A busy month for sky-watchers this November is highlighted by a lunar eclipse, a good meteor shower, and a bonanza of bright planets in the evening sky.
The full moon is totally eclipsed in the early morning hours of November 8th. Though favored viewing locations lie in the western United States, we in the East will see the eclipsed Moon setting in the west as morning twilight will prevent us from seeing the later stages of totality. (The Midwest and western half of the USA will enjoy most of totality in full darkness). The Moon will enter the dark inner shadow of Earth (the umbra) at 4:10 am EST, with totality beginning at 5:16 am. However with sunrise at 6:41 am, after the first hour we will only have a god 30 to 46 minutes of fairly dark sky (looking westward) to observe the eclipse.
Lunar eclipses are easy to watch because not optical aid is necessary, and no eye protection is required. You can stare at it all you want. So get up a little early on November 8th to enjoy it before work or school; and before the Moon sets.

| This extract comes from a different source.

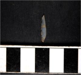 | Description / विवरण | A microlithic lunate having ridge in triangular section and broken edge. |

The Leonid meteor shower peaks between 3 and 5 am on November 17 and 18. The Leonids are well-known for producing very bright meteors, or fireballs, and for meteors which produce long visible streams as they burn up in our atmosphere. So it is always worthwhile looking; even this year, when a waning crescent Moon’s light will make it a little harder to spot them.
Saturn is very prominent in the south sky and is best seen as soon as it is fully dark. It sets around midnight. On November 1st Saturn may be seen just above the 1st quarter Moon. Jupiter is also up all evening, much brighter and to the left (east) of Saturn. On November 4th the waxing gibbous Moon will be just to Jupiter’s lower left. Both of these gas giant planets are still at their best for seeing loads of surface features to see through any backyard telescope. Sky-watchers with scopes should spend time with both this month.
Mars is approaching its December opposition when it will be at its closest to Earth since 2020 (50 million miles on December 1st). It will be due south and highest in the sky around midnight. The gibbous Moon will be close to Mars on November 11th. Through telescopes and when close, Mars reveals icy polar caps, a deep grand canyon, huge volcanic mountains, and long waving ridges through the desert regions of the planet.
Mercy and Venus are both too close to the Sun to be seen this month. But on the morning of the Moon eclipse, if we look at it with binoculars, we might be able to spot the planet Uranus, sitting just above the Moon at the 11 o’clock spot as if the Moon were a clock’s face. Try it!